Long-term outcome for ADL following the health-promoting RCT--elderly persons in the risk zone

Gerontologist. 2013 Aug;53(4):654-63. doi: 10.1093/geront/gns121. Epub 2012 Aug 30.

Abstract

Purpose: To examine independence in activities of daily living (ADL) at the 1- and 2-year follow-ups of the health-promoting study Elderly Persons in the Risk Zone.

Design and method: A randomized, three-armed, single-blind, and controlled study. A representative sample of 459 independent and community-dwelling older adults, 80 years and older, were included. A preventive home visit was compared with four weekly multiprofessional senior group meetings including a follow-up home visit.

Results: Analysis showed a significant difference in favor of the senior meetings in postponing dependence in ADL at the 1-year follow-up (odds ratio [OR] = 1.92, 95% confidence interval [CI] = 1.19-3.10) and also in reducing dependence in three (OR = 0.52, 95% CI = 0.31-0.86) and four or more ADL (OR = 0.40, 95% CI = 0.22-0.72) at the 2-year follow-up.
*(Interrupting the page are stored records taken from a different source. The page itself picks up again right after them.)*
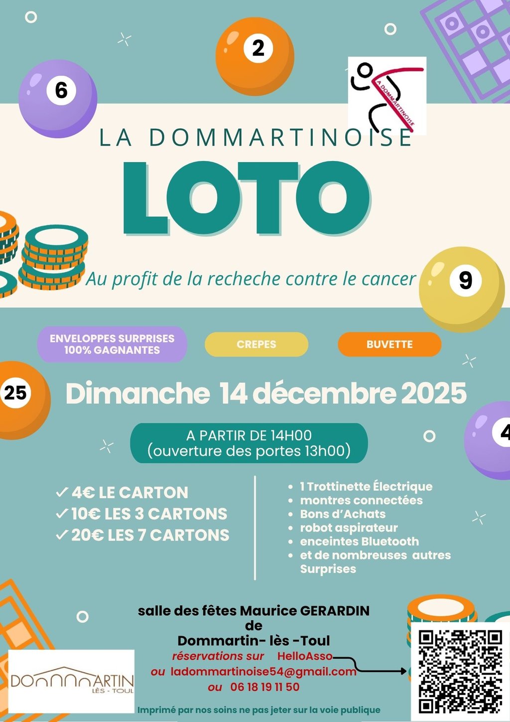 La Dommartinoise organise le dimanche 14 décembre prochain, salle Maurice Gérardin une après-midi LOTO au profit de la lutte contre le cancer, venez nombreux. Les inscriptions seront prises par ”helloasso” ou à l'adresse mail ladommartinoise54@gmail.com ou sur place dès l’ouverture des portes soit à 13 h 30. Les cartons fournis par l’association seront au tarif de :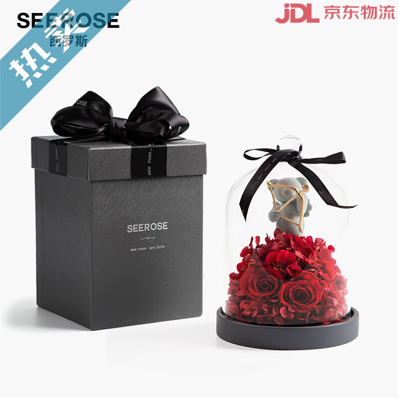 西罗斯(SEEROSE)永生花丘比特熊保鲜玫瑰花束高级春节情人节生日礼物送女朋友老婆 丘比特熊-嫣红 全国7仓发-不支持代写贺卡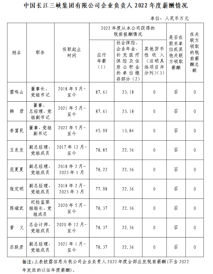 備注:上表披露信息為我公司企業(yè)負責人2022年度全部應發(fā)稅前薪酬(不含2022年發(fā)放的以往年度薪酬)。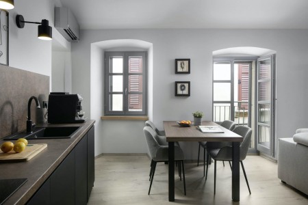 Das Appartement Ginger befindet sich in einem historischen Gebäude in der auf einem Berg gelegenen Altstadt von Labin. Komplett neu, komfortabel und schick eingerichtet bietet das Appartement ideale Voraussetzungen für einen Aufenthalt zu zweit in der romantischen Atmosphäre des alten Stadtkerns, ohne auf zeitgemäßen Komfort verzichten zu müssen. In Labin findet man alles für den täglichen Bedarf, denn Restaurants, Bars und Einkaufsmöglichkeiten sind bequem zu Fuß erreichbar. Die herrlichen Kiesstrände von Rabac sowie wildromantische, naturbelassene Badebuchten an der Ostküste Istriens sind mit dem Auto in wenigen Minuten erreichbar. Darüber hinaus eignet sich das Umland von Labin auch für Rad- und Wandertouren durch die immergrüne Landschaft der Halbinsel Istrien.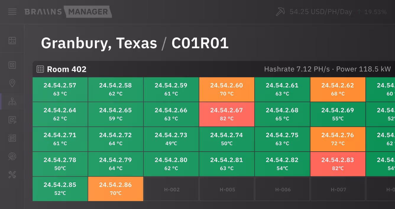 Improve your on-site orientation with a visual layout of your entire fleet. Instantly identify thermal hotspots, locate problematic ASICs, and take action faster to ensure maximum uptime.
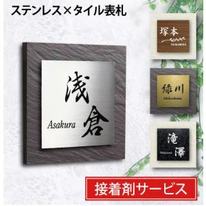 表札 戸建 タイル ステンレス おしゃれ 表札 サイズ 14.4x14.4cm タイル表札 ステンレス表札 接着剤 プレート 住所 二世帯 屋外 北欧 IF-6007ifm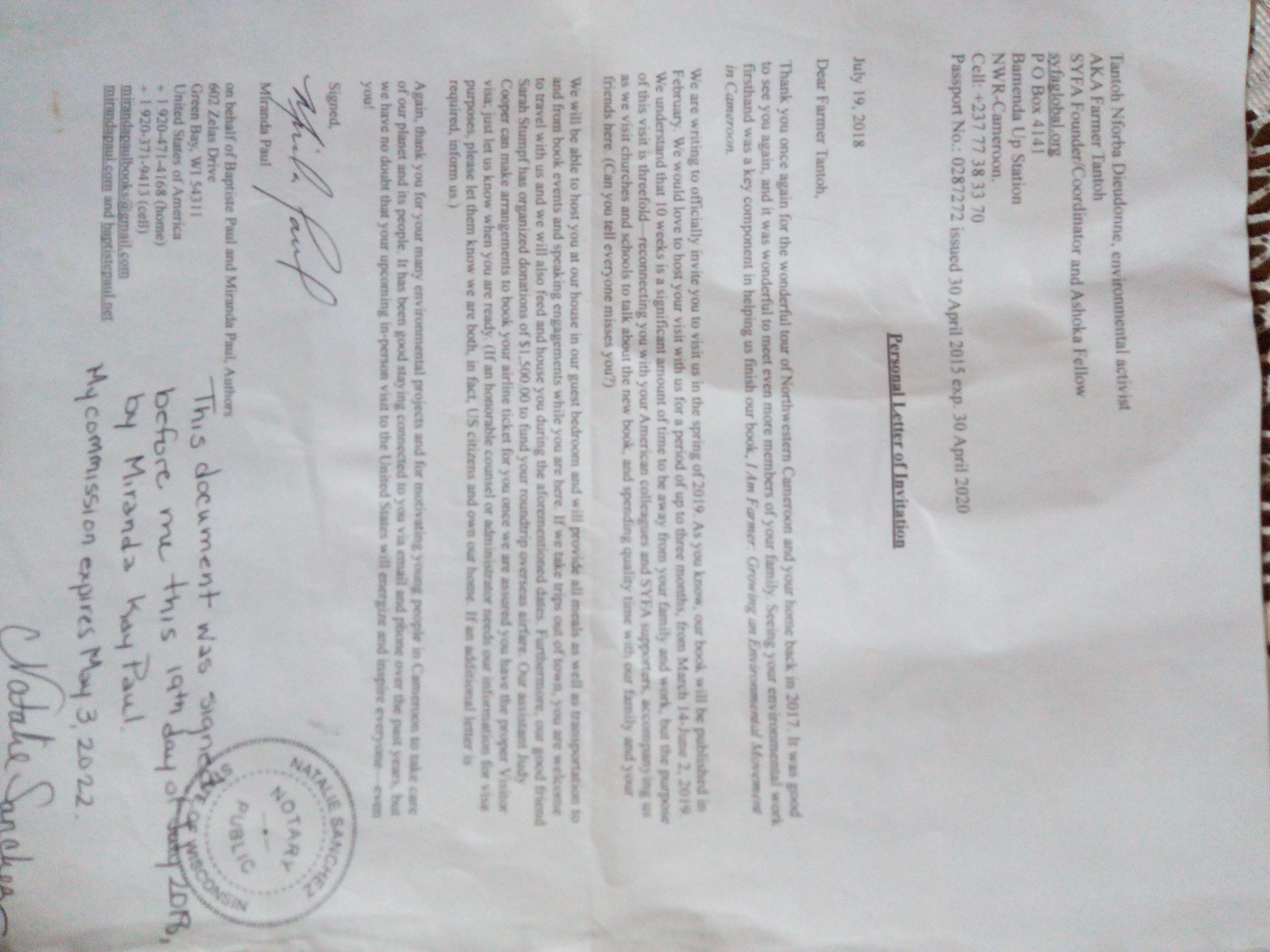 > I am therefore writing if each and everyone of you could please drop a note at the Consular Section of the US Embassy in Cameroon to appeal to them to reconsider my situation and grant my visa? Miranda and other networks in USA have written to the Ambassador in Cameroon as well. The email of the consular section is consularyaounde at state.gov <mailto:consularyaounde at state.gov>

A preventive home visit reduced dependence in two (OR = 0.40, 95% CI = 0.24-0.68) and three or more ADL (OR = 0.37, 95% CI = 0.17-0.80) after 1 year.

Implications: A long-term evaluation of Elderly Persons in the Risk Zone showed that both senior meetings and a preventive home visit reduced the extent of dependence in ADL after 1 year. The senior meetings were superior to a preventive home visit since additional significant effects were seen after 2 years. To further enhance the long-term effects of the senior meetings and support the process of self-change in health behavior, it is suggested that booster sessions might be a good way of reinforcing the intervention.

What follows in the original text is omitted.